Theatre and drama have existed, and still exist, in a relationship of tensionridden contradictions. To emphasize this state of affairs and consider the whole extent of its implications are the first prerequisite for an adequate understanding of the new and newest theatre. The cognition of postdramatic theatre starts with ascertaining to what extent its existence depends on the mutual emancipation and division between drama and theatre. A genre history of drama in and of itself is therefore only of limited interest to theatre studies. Yet, since the theatre in Europe has practically and theoretically been dominated by drama, it is advisable to use the term ‘postdramatic’ in order to relate the newer developments to the past of dramatic theatre, that is, not so much to the changes of theatre texts as to the transformation of theatrical modes of expression. In postdramatic forms of theatre, staged text (if text is staged) is merely a component with equal rights in a gestic, musical, visual, etc., total composition. The rift between the discourse of the text and that of the theatre can open up all the way to an openly exhibited discrepancy or even unrelatedness.

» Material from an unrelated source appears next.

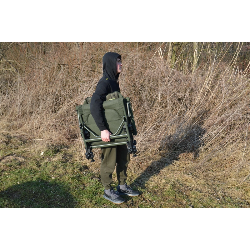 Jeho velkou výhodou je miniaturní kloub umožňující nastavení sklonu opěradla. Pevné opěrky rukou s neoprenovým potahem zvyšují celkovou pevnost křesla a zároveň jsou velmi pohodlné. Na křesle jsou použity nejkvalitnější typy zámků výsuvu nohou i patek proti zaboření. Přes nízkou hmotnost a malé přepravní rozměry se jedná o plnohodnotné křeslo, vhodné i pro dlouhodobé sezení.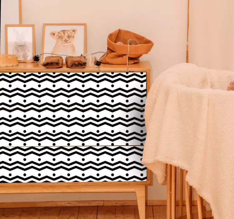 Fedezze fel a Chemvron minta stílus bútor matrica lenyűgöző világát, ahol a fekete és fehér cikcakk mintázat elegánsan és modern módon ötvözi a geometriai formákat. A vonalak és vonalak játékos ritmusával ez a bútor matrica tökéletes választás, ha valami különlegeset keres a lakásába.

The historical drifting apart of text and theatre demands an unprejudiced redefinition of their relationship. It proceeds from the reflection that theatre existed first: arising from ritual, taking up the form of mimesis through dance, and developing into a full-fledged behaviour and practice before the advent of writing. While ‘primitive theatre’ and ‘primitive drama’ (Ur-theatre and Ur-drama) are merely the object of reconstructive attempts, it seems to be an anthropological certainty that early ritual forms of theatre represented affectively highly charged processes (hunting, fertility) with the help of masks, costumes and props, in such a way that dance, music and role-play were combined.1 Even if this physically semiotic, motor practice already represented a kind of ‘text’ before the advent of writing, the difference with respect to the formation of modern literary theatre is still apparent. The written text, literature, took on the rarely contested leading role of the cultural hierarchy. Thus, even the connection of text with a musicalized form of speech, dance-like gesture and splendid optical and architectonic décor that was still present in baroque representational theatre could

vanish in bourgeois literary theatre: the text as an offer of meaning reigned; all other theatrical means had to serve it and were rather suspiciously controlled by the authority of Reason.